The US Dollar (USD) is the official currency of the United States of America, and the ‘de facto’ currency of a significant number of other countries where it is found in circulation alongside local notes. It is the most heavily traded currency in the world, accounting for over 88% of all global foreign exchange turnover, or an average of $6.6 trillion in transactions per day, according to data from 2022.
Following the second world war, the USD took over from the British Pound as the world’s reserve currency. For most of its history, the US Dollar was backed by Gold, until the Bretton Woods Agreement in 1971 when the Gold Standard went away.

The most important single factor impacting on the value of the US Dollar is monetary policy, which is shaped by the Federal Reserve (Fed). The Fed has two mandates: to achieve price stability (control inflation) and foster full employment. Its primary tool to achieve these two goals is by adjusting interest rates.
When prices are rising too quickly and inflation is above the Fed’s 2% target, the Fed will raise rates, which helps the USD value. When inflation falls below 2% or the Unemployment Rate is too high, the Fed may lower interest rates, which weighs on the Greenback.

In extreme situations, the Federal Reserve can also print more Dollars and enact quantitative easing (QE).

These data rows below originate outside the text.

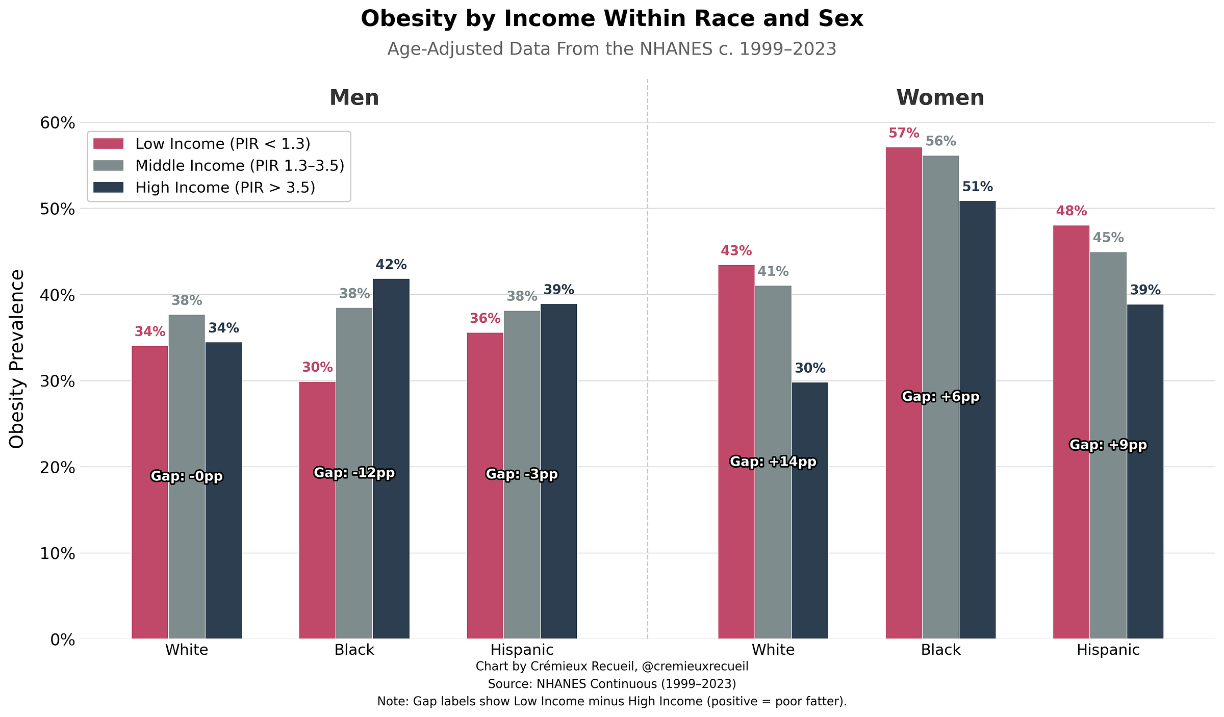 One question is whether this is just due to a race confound, where Blacks and Hispanics tend towards both higher obesity rates and lower being poorer. If you read the above chart carefully, you’ll realize this can’t be the case in general, and could only be the case within a given sex, and it is! Take a look:
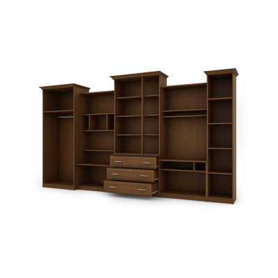 Комплектът е предназначен за хора, които искат максимално да използват наличното пространство. В представената мебелна стенка имате всичко, от което се нуждаете – гардероб с лост за закачалки, бельов шкаф с 5 рафта, стъклени витрини, чекмеджета, бар, отворени и затворени ниши и дори голяма ниша за телевизор с място за TV декодер и др.
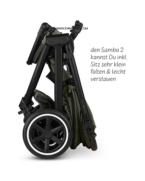 o llevarlo fácilmente contigo en el autobús o en el tren. Y si necesitas moverte rápidamente, puedes plegar rápidamente el Samba 2 incluso con el asiento, independientemente
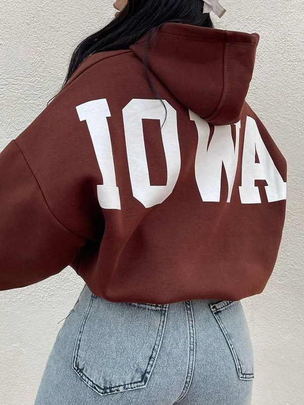 Letter Print Short Oversized Hoodie
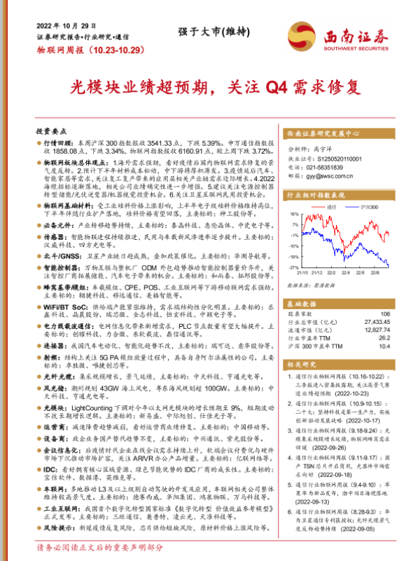 【西南证券】【20221029】20221029-西南证券-物联网周报:光模块业绩超预期,关注Q4需求修复-31页
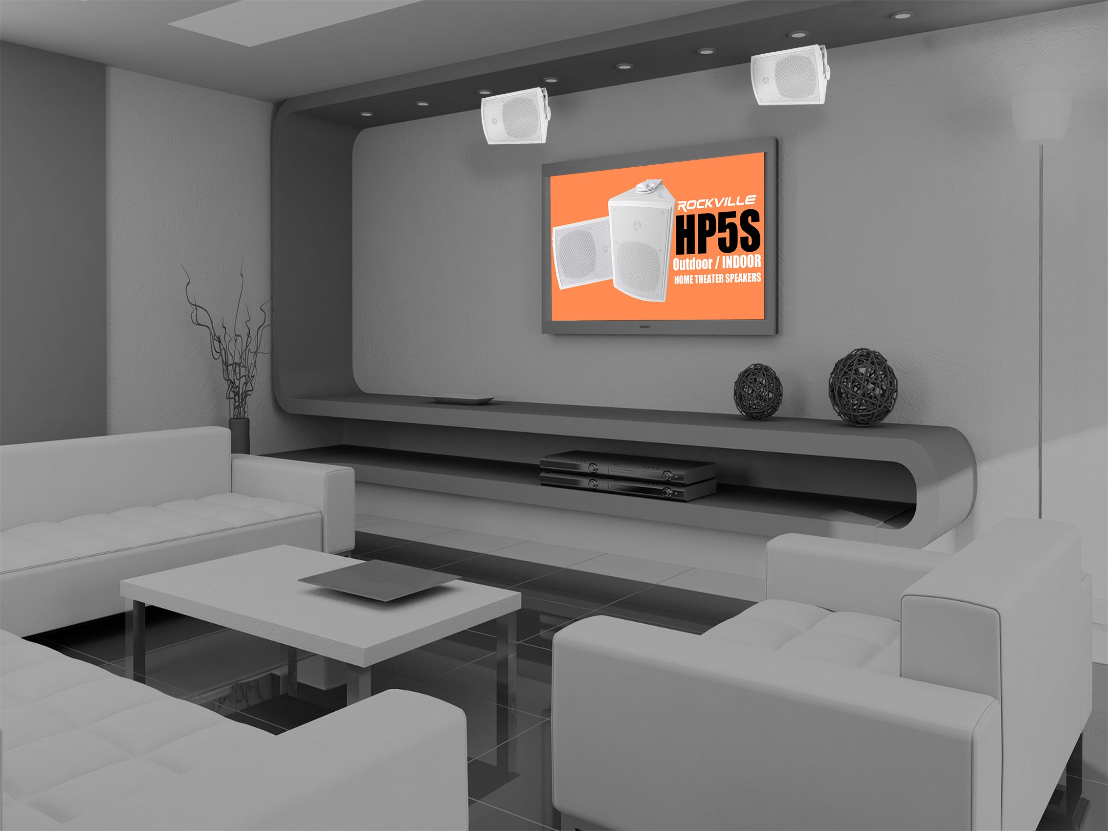 - Pair of Rockville HP5S-8 5.25” White 420 Watt Outdoor / Indoor Home Theater Speakers with Swivel Bracket
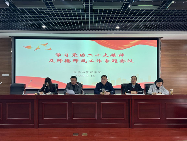 經(jīng)濟(jì)與管理學(xué)院組織學(xué)習(xí)黨的二十大精神及師德師風(fēng)工作專題會(huì)議
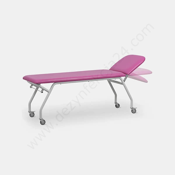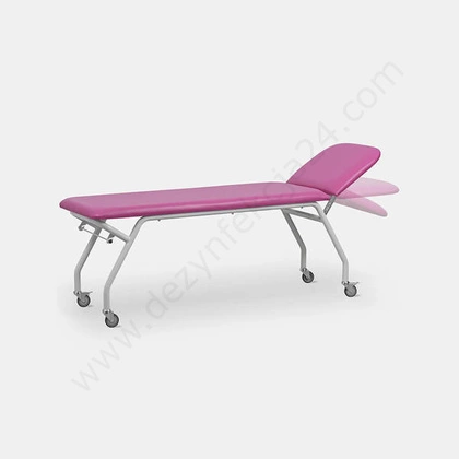 - Kozetka z kołami i stalową ramą oraz regulowanym zagłówkiem (kąt od - 30 do +45°) za pomocą rastomatów. Nieskładalna.
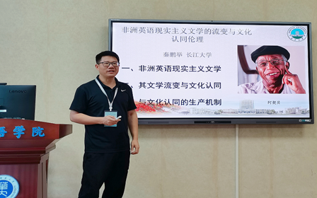 秦鹏举老师的发言题目为“非洲英语现实主义文学的流变与文化认同伦理”。首先,梳理非洲英语现实主义文学的风格特征和书写表征,其次,从三个阶段阐释其不同的文化认同伦理。分别为殖民时期的非洲历史文化认同,后殖民时期的国民文化认同和全球化时期的多元文化认同。具体从普遍的故事疗愈与文化修正,到运用“照相式现实主义”的书写来揭弊社会本相,再到如何既彰显本土特色,又融入世界之中的“在世界之中”(海德格尔)的多元文化认同格局。
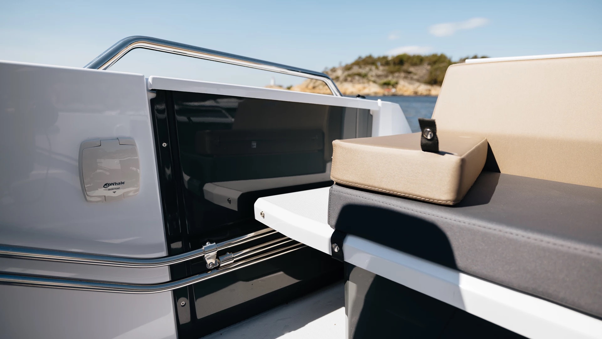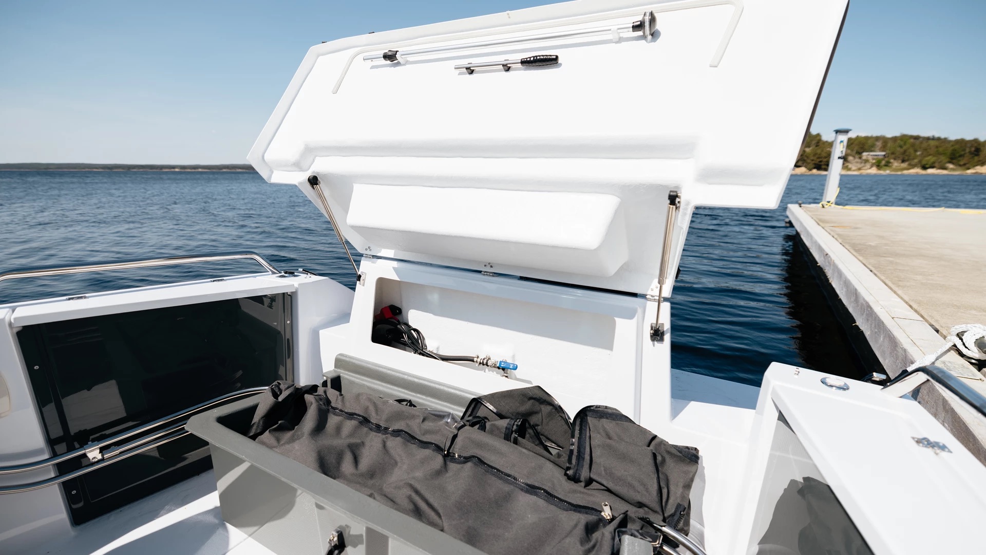 En stor solseng i baugen gir deg muligheten til å nyte solen i ro og fred, med integrerte koppholdere og god lagringsplass under dekk. Praktiske trappetrinn i skrogsiden gjør det enkelt å gå i land – selv med solsengen montert. Akterdekket har plass til cockpitbord og servering, og store badeplattformer gjør bading både trygt og behagelig for hele familien.

QE is the process by which the Fed substantially increases the flow of credit in a stuck financial system.
It is a non-standard policy measure used when credit has dried up because banks will not lend to each other (out of the fear of counterparty default). It is a last resort when simply lowering interest rates is unlikely to achieve the necessary result. It was the Fed’s weapon of choice to combat the credit crunch that occurred during the Great Financial Crisis in 2008. It involves the Fed printing more Dollars and using them to buy US government bonds predominantly from financial institutions. QE usually leads to a weaker US Dollar.

Quantitative tightening (QT) is the reverse process whereby the Federal Reserve stops buying bonds from financial institutions and does not reinvest the principal from the bonds it holds maturing in new purchases. It is usually positive for the US Dollar.